Copy the records below line by line and word for word, from the very first line through the line with "Robot-Assisted Therapy setup", omitting each picture.
======== Input ========
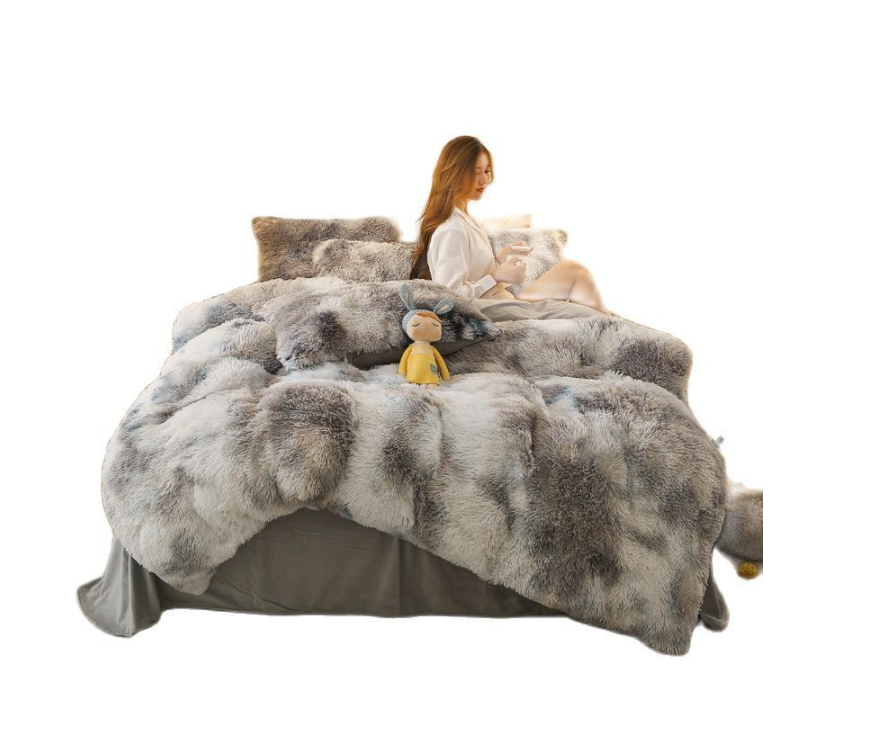 Duvet Cover Set Artificial Long Mink Hair Warm Bedding Set Heart Cushion Pillowc
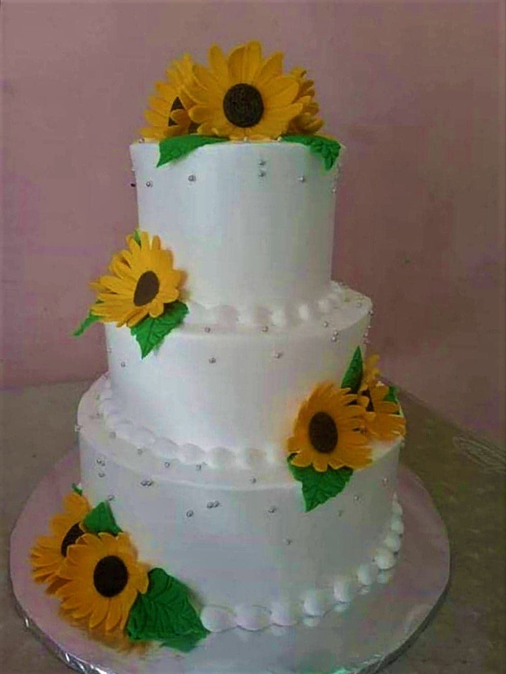 Three-tier white cake decorated with large yellow sunflowers and green leaves, accented with silver dragees.
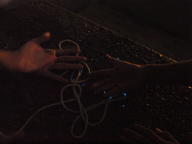 ほぼ真っ暗闇で、青白い点だけが、浮かび上がっています。
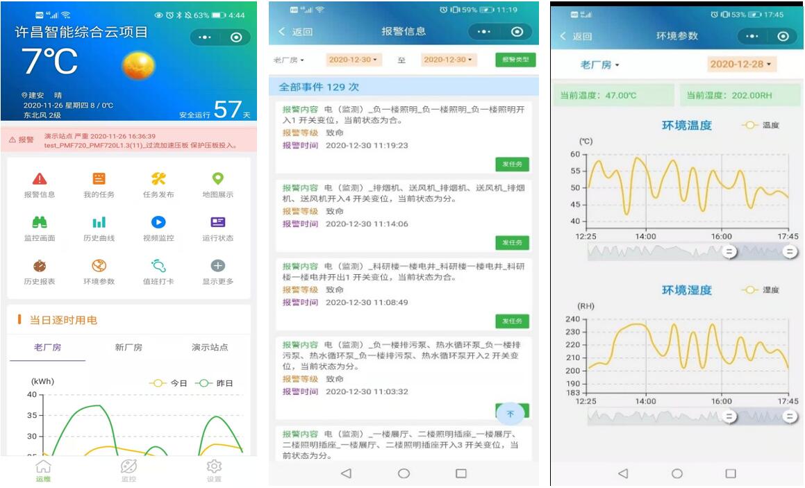 手機App及小程序首頁功能結(jié)構(gòu)、報警推送及查詢、環(huán)境監(jiān)測等功能效果截圖如下。
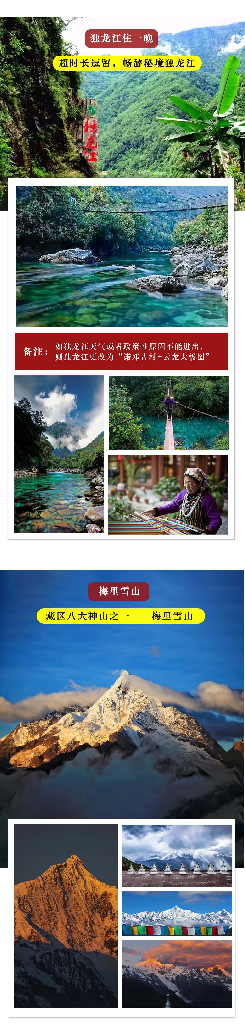 【备案说明1】若出团时独龙江因道路中断、政策等不可抗力因素关闭,则启动备案:独龙江更改为“诺邓古村+云龙太极图” ,D2大理-诺邓古村,D3诺邓-老姆登,D4老姆登-丙中洛,其他行程内容不变,费用不变。
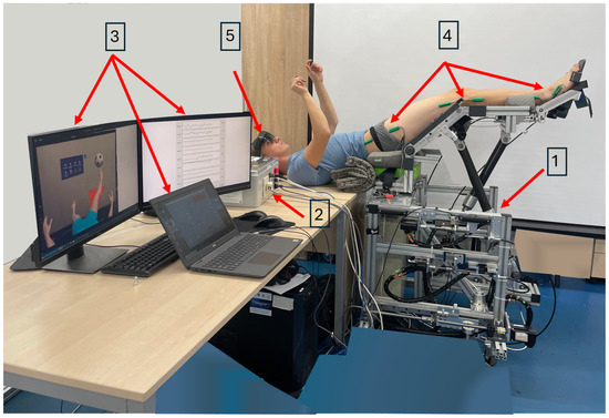 Robot-Assisted Therapy setup integrating the LegUp rehabilitation robot (1), The control system (2), The User interface with the control’s commands for the parallel robot, streaming from HoloLens and graphics from sensors (3), Biometrics sensors placed on the patient’s leg (4), HoloLens 2 device (5).
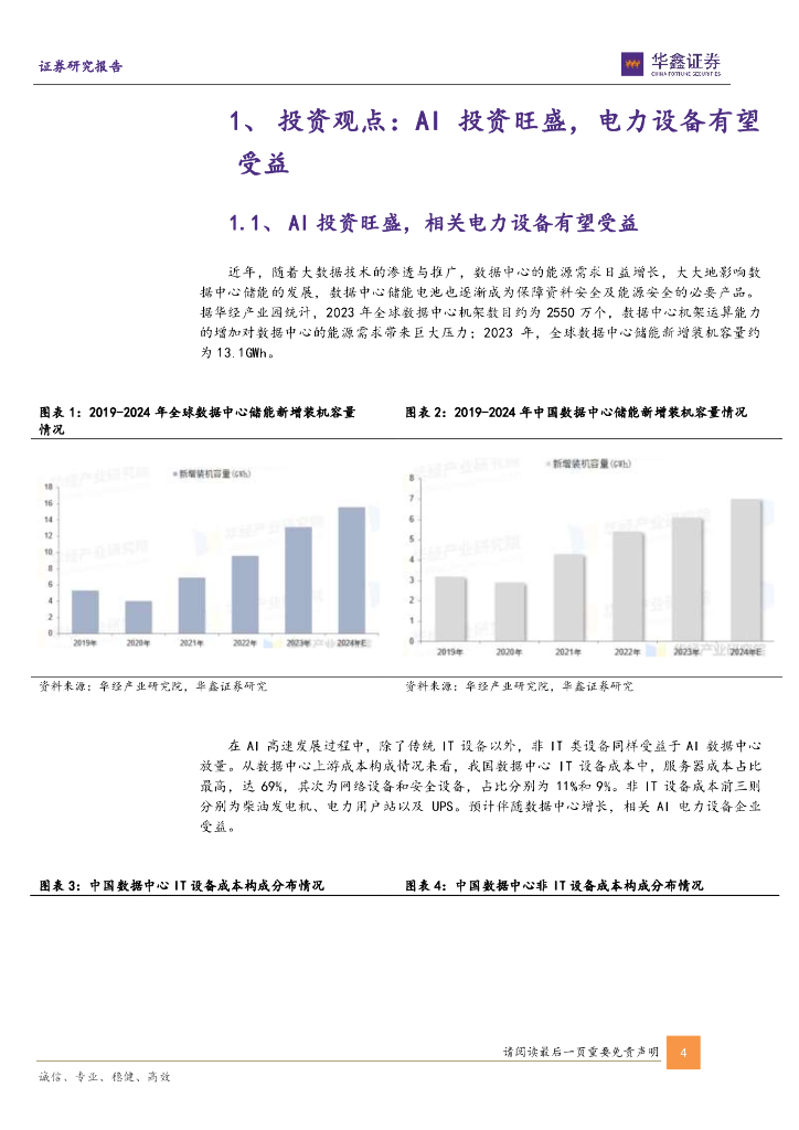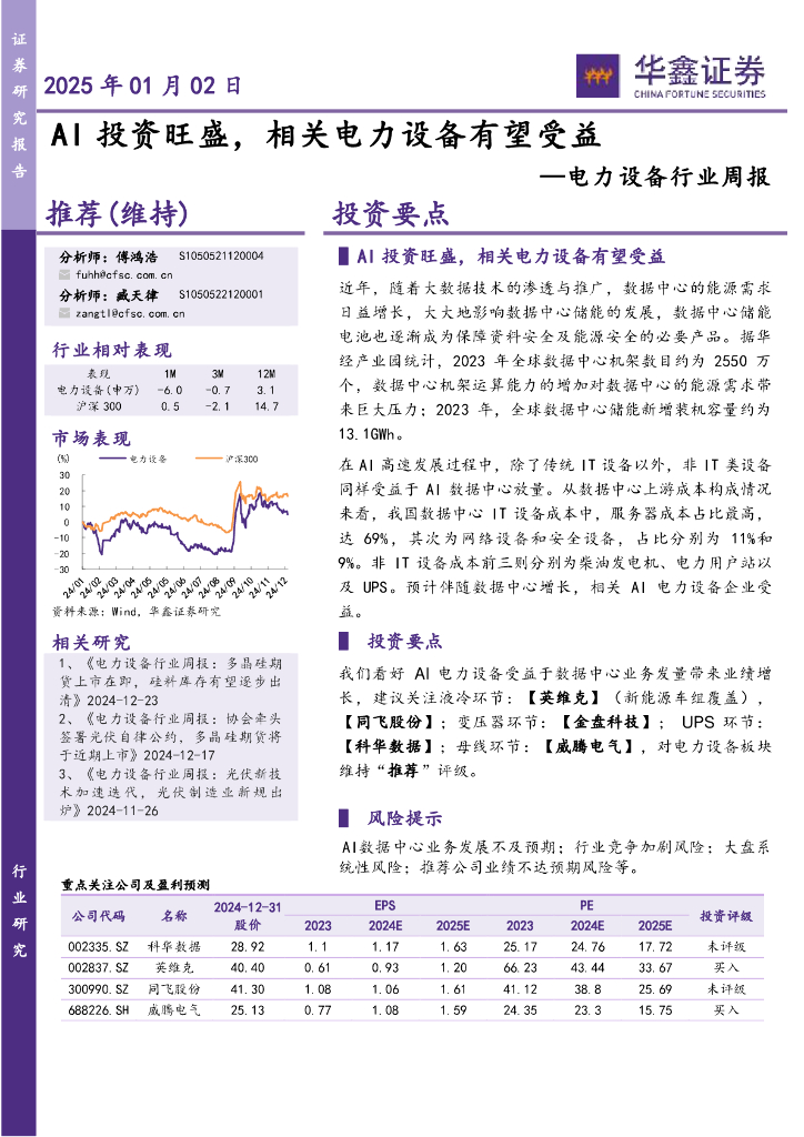 华鑫证券:电力设备行业周报:AI投资旺盛,相关电力设备有望受益.pdf
========
**The answer**
 Duvet Cover Set Artificial Long Mink Hair Warm Bedding Set Heart Cushion Pillowc
 Three-tier white cake decorated with large yellow sunflowers and green leaves, accented with silver dragees.
 ほぼ真っ暗闇で、青白い点だけが、浮かび上がっています。
 手機App及小程序首頁功能結(jié)構(gòu)、報警推送及查詢、環(huán)境監(jiān)測等功能效果截圖如下。
 【备案说明1】若出团时独龙江因道路中断、政策等不可抗力因素关闭,则启动备案:独龙江更改为“诺邓古村+云龙太极图” ,D2大理-诺邓古村,D3诺邓-老姆登,D4老姆登-丙中洛,其他行程内容不变,费用不变。
 Robot-Assisted Therapy setup integrating the LegUp rehabilitation robot (1), The control system (2), The User interface with the control’s commands for the parallel robot, streaming from HoloLens and graphics from sensors (3), Biometrics sensors placed on the patient’s leg (4), HoloLens 2 device (5).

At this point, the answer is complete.